Probabilistic forecasts are just about predicting unpleasant shocks but also ideal outcomes. In practice, this might mean always stocking the 99% percentile upper forecast worth of product for each month to assure that as many products as possible are sold without ever running out. Of course, stocking excessive amounts can lead to waste or high storage costs.

In the end, forecasting often is a combination of the efficiency of preparing for the point forecast (what is most expected) balanced with the probabilistic forecast (extreme events) as adjusted for the opportunity costs of missing or not preparing for those extremities. Accordingly, forecastable problems are not only those with constraints and limited inputs, but also those where the opportunity cost of efficiency and mistakes is well understood so that balanced decisions can be made.

Some things are simply too challenging to forecast. The stock market is the most common example. It is possible to forecast markets, but the sheer scale of the number of inputs and the combination of qualitative psychological influences makes it impractical to attempt. As much as you may want to, usually there are easier problems which can be attempted which can lead to plenty of more localized value.

Along with the impossible, there are many things which are already forecast. For example, gas prices, an important input for many businesses, are available as free forecasts from the U.S. Energy Information Agency, and are likely as good as or better than anything a business can generate internally.

Some of the greatest care must be taken when trying to predict events which have never happened before, or are rare. For example, the potential widespread adoption of all-electric self-driving cars is of interest to many automotive businesses, but there is very little precedent for such a major change to make it forecastable. Simulation forecasting (using a third variable that is known which predicts the rare events) or by comparison forecasting to related trends are possible but often difficult for these cases.

One trick that can help in tricky situations is resampling data. For example, it may be almost impossible to predict daily sales of grocery items, as there is too much randomness in demand. However, predicting the same sales for a less frequent period of time, weekly or monthly sales, is often much more manageable as the randomness averages out across time.

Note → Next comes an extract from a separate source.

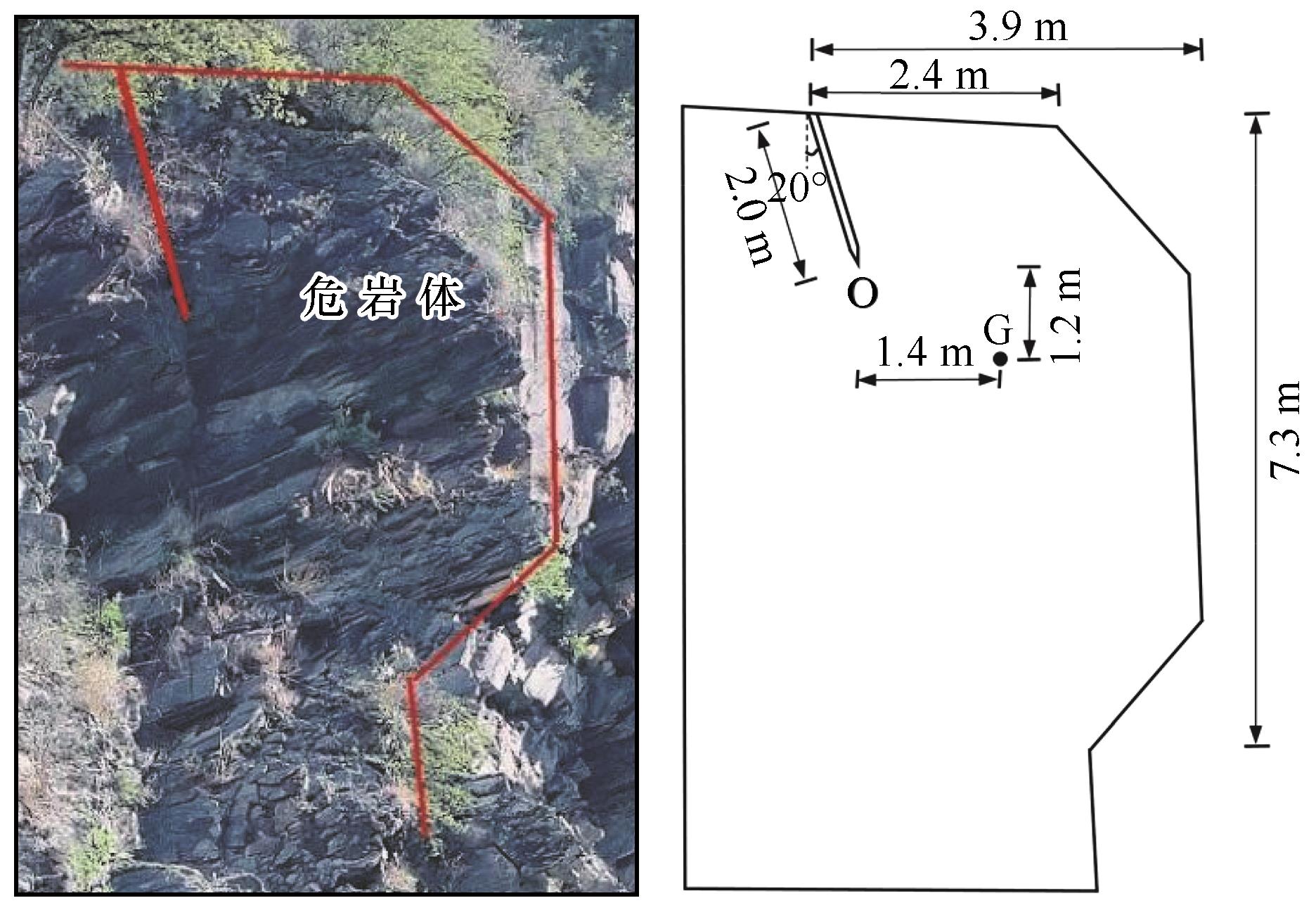 Site photo (a) and planar model (b) of a dangerous rock in the study area
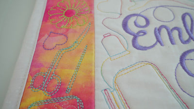 The hoops are held in place with the front flap attached with velcro or kam snaps to the back panel, with the front of the flaps can be customised to add text (NOTE: our two larger samples use the text function on our machine to show hoop sizes, these are not included in the files). The flaps are added to the back panel while still in the hoop.

There are only so many bananas the locals can eat.

In conclusion, the most value from business forecasting comes from problems that help optimize the use of constrained resources driven by a manageable number of inputs. The use of probabilistic forecasting is important for managing uncertainty. Finally, effort invested into solving problems should be modulated with the understanding that many problems are simply impossible to forecast. Certainly every business has challenges that may be addressed with forecasting, but not every problem has a forecasting solution.